_Problem description:_ Please write out all the data that follows exactly, without the pictures.

--- Collected data ---

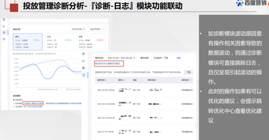 日志板块作为操作记录,同样能针对某个计划进行及时查看,同时能筛选精准的操作类型进行查看。对于部分计划数据如果积累充足,带波动分析时,能提供带来波动的操作可能性原因,一键联动优化中心进行检查和操作。
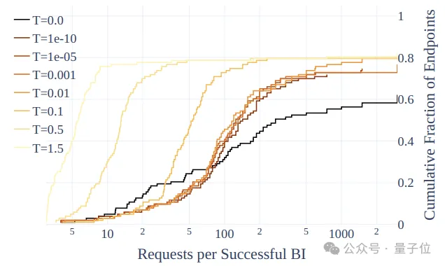 然而,只要存在两个及以上逻辑得分持平的Token,检测信噪比就会随着Temperature降低而急剧发散。
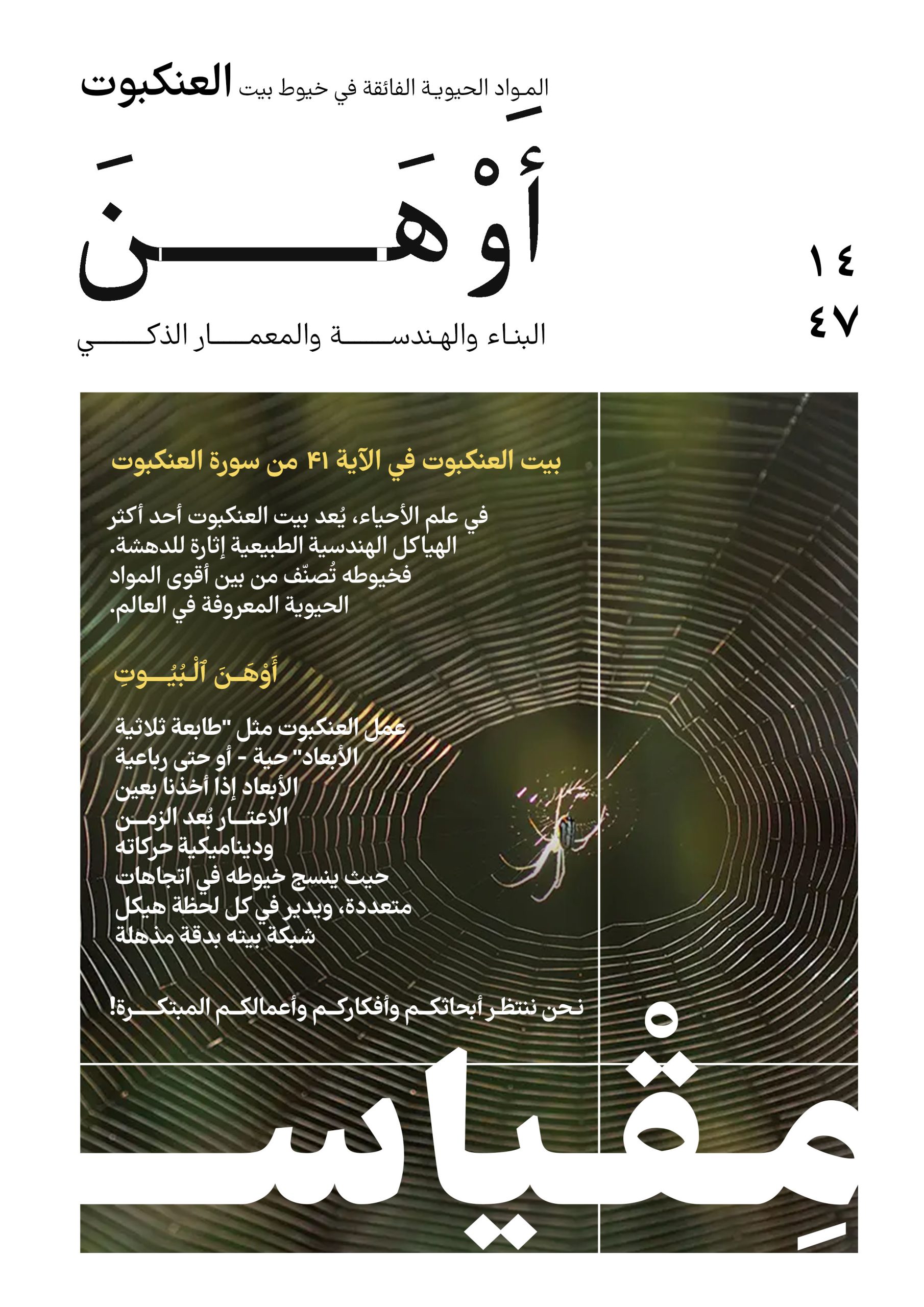 بيت العنكبوت، رغم كونه مصنوعاً من أحد أقوى المواد الحيوية، وصف في القرآن الكريم بأنه “أوهن البيوت”. هذا التناقض الظاهري يدفعنا لدراسة خصائص خيوط العنكبوت العلمية، وهندسة بيته، والرسالة العلمية والمعرفية العميقة لهذا الكائن المدهش. ندعو الطلاب والباحثين من مختلف التخصصات (علم الأحياء، الهندسة، علوم المواد، والتقنيات الحديثة) لدراسة هذا التركيب المعقد من زوايا متعددة.

---

_The answer:_
 日志板块作为操作记录,同样能针对某个计划进行及时查看,同时能筛选精准的操作类型进行查看。对于部分计划数据如果积累充足,带波动分析时,能提供带来波动的操作可能性原因,一键联动优化中心进行检查和操作。
 然而,只要存在两个及以上逻辑得分持平的Token,检测信噪比就会随着Temperature降低而急剧发散。
 بيت العنكبوت، رغم كونه مصنوعاً من أحد أقوى المواد الحيوية، وصف في القرآن الكريم بأنه “أوهن البيوت”. هذا التناقض الظاهري يدفعنا لدراسة خصائص خيوط العنكبوت العلمية، وهندسة بيته، والرسالة العلمية والمعرفية العميقة لهذا الكائن المدهش. ندعو الطلاب والباحثين من مختلف التخصصات (علم الأحياء، الهندسة، علوم المواد، والتقنيات الحديثة) لدراسة هذا التركيب المعقد من زوايا متعددة.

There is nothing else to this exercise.